--- PROBLEM DESCRIPTION ---
Restate word for word the lines below, from the one containing "然后,给同学们讲解了推荐所需" through the final line, with no pictures included.

--- DATASET EXCERPT ---

......

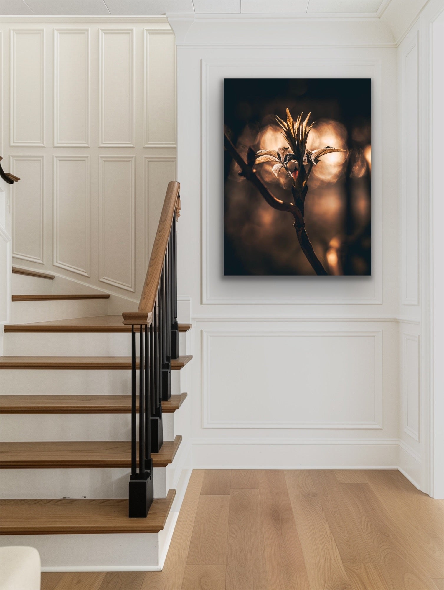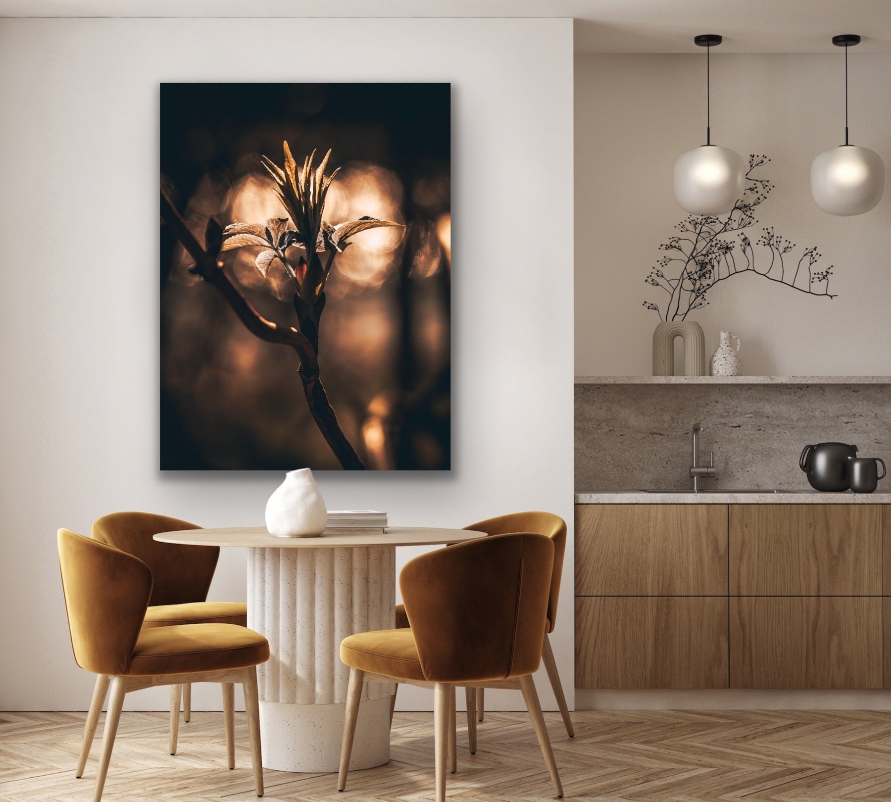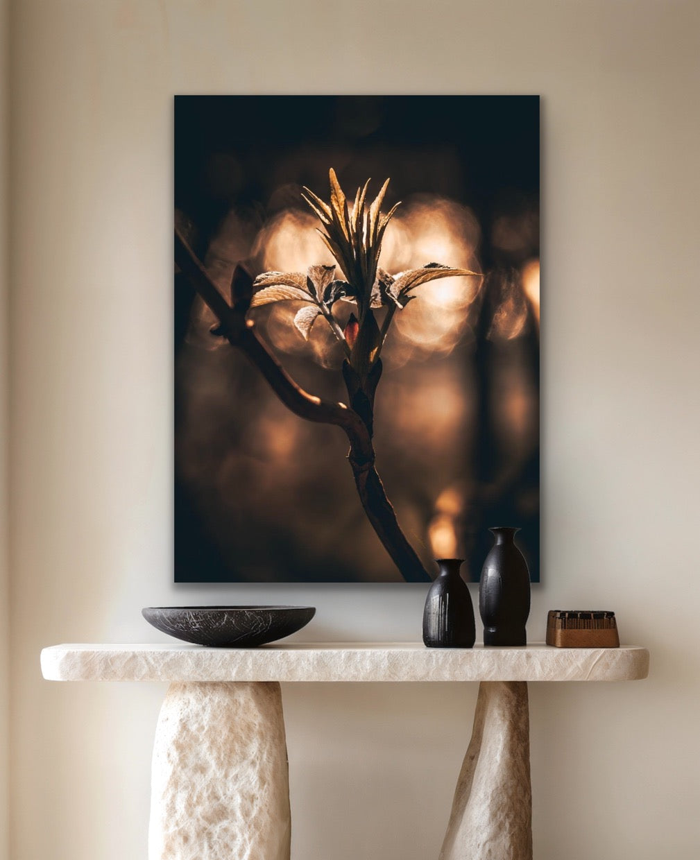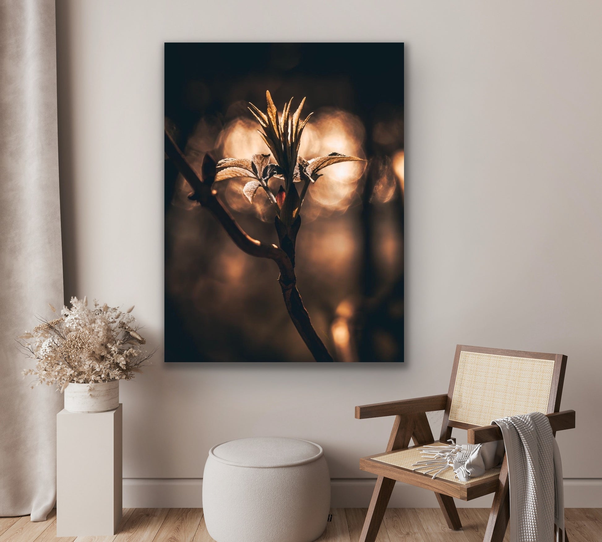 Beautiful photographic wall art of a branch with leaves against a golden light from the water. Get wall art that gives you a good and warm feeling, where you can find peace and dream away to beautiful moments in nature.
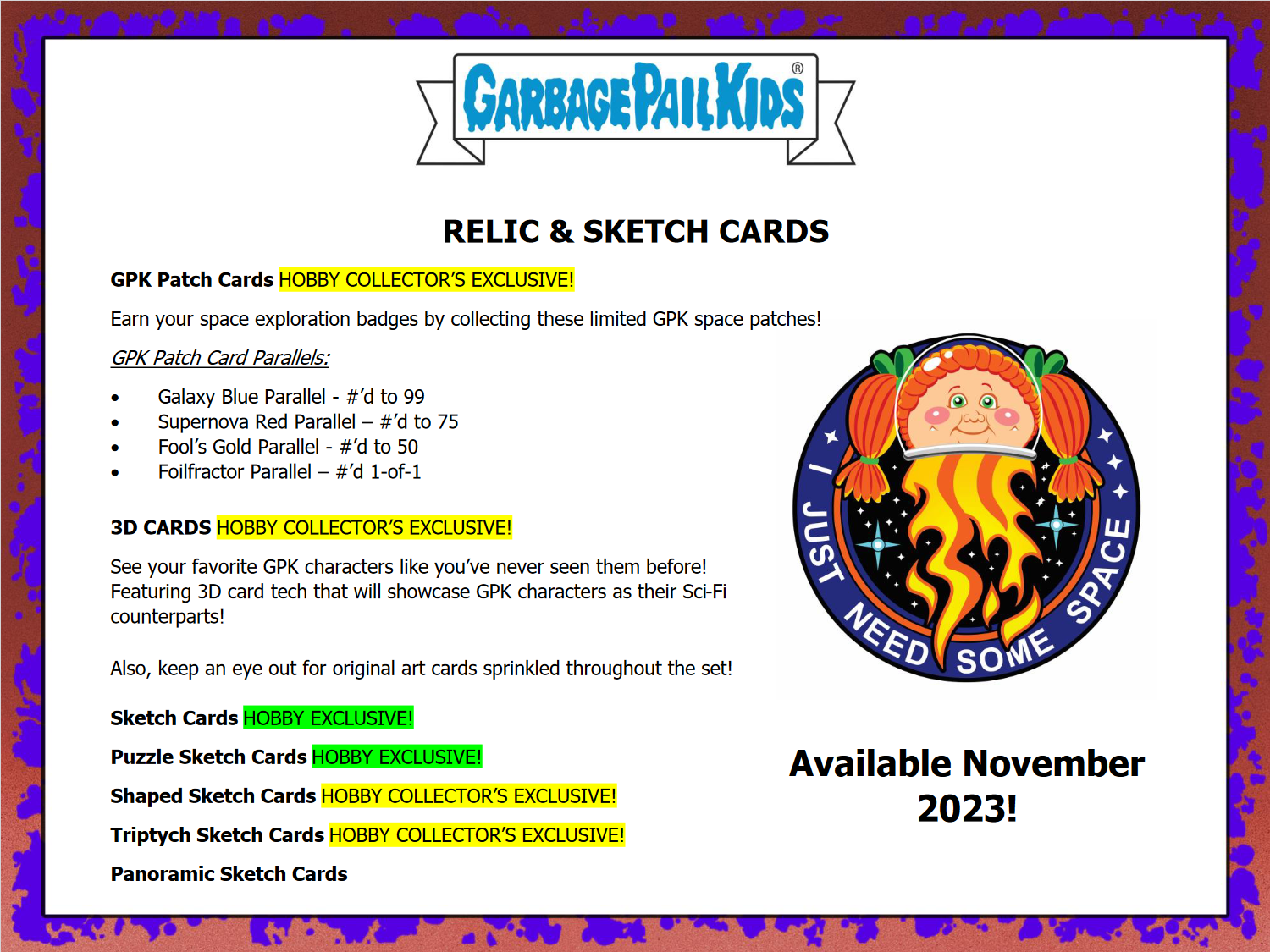 - Stink up your GPK collection with 2023 Garbage Pail Kids: InterGOOlactic Mayhem, featuring some of the grossest, snottiest, craziest gags from Sci-Fi including space travel, aliens and extraterrestrials, parallel universes and more!
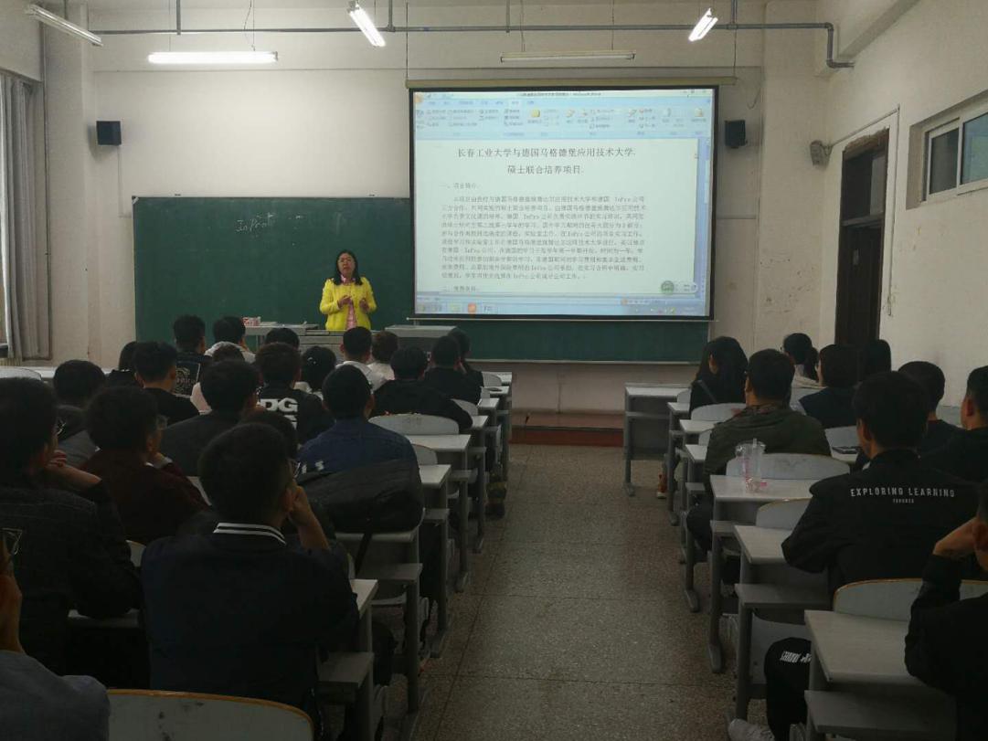 然后,给同学们讲解了推荐所需要的条件:1.全日制本科毕业且获学士学位。2.公司在读的控制科学与工程、控制工程、电气工程、机械工程一级学科下的机械电子工程专业一年级硕士研究生。3.在校所学课程需得到对方的认可。4.修满所有课程学分(赴德前),学习成绩优秀,外语达到B1以上水平,会德语的优先。5.按时缴纳公司的研究生学费。6.能保证在德学习的时间。
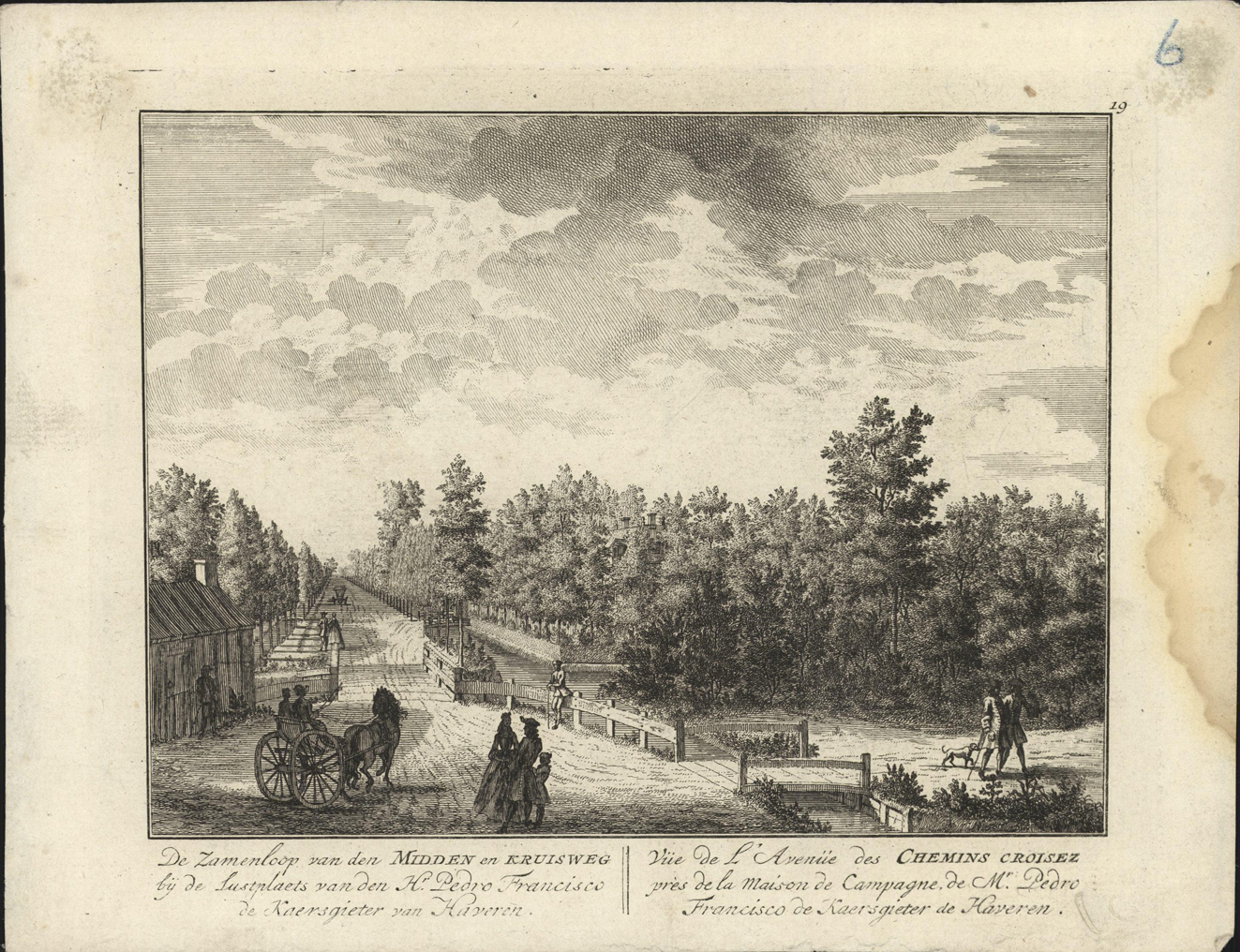 opschrift links onder in de marge: De Zamenloop van den Midden en Kruisweg/ bij de Lustplaets van den Hr. Pedro Francisco/ de Kaersgieter van Haveren.

......

--- RESPONSE FOR THIS EXERCISE ---
 然后,给同学们讲解了推荐所需要的条件:1.全日制本科毕业且获学士学位。2.公司在读的控制科学与工程、控制工程、电气工程、机械工程一级学科下的机械电子工程专业一年级硕士研究生。3.在校所学课程需得到对方的认可。4.修满所有课程学分(赴德前),学习成绩优秀,外语达到B1以上水平,会德语的优先。5.按时缴纳公司的研究生学费。6.能保证在德学习的时间。
 opschrift links onder in de marge: De Zamenloop van den Midden en Kruisweg/ bij de Lustplaets van den Hr. Pedro Francisco/ de Kaersgieter van Haveren.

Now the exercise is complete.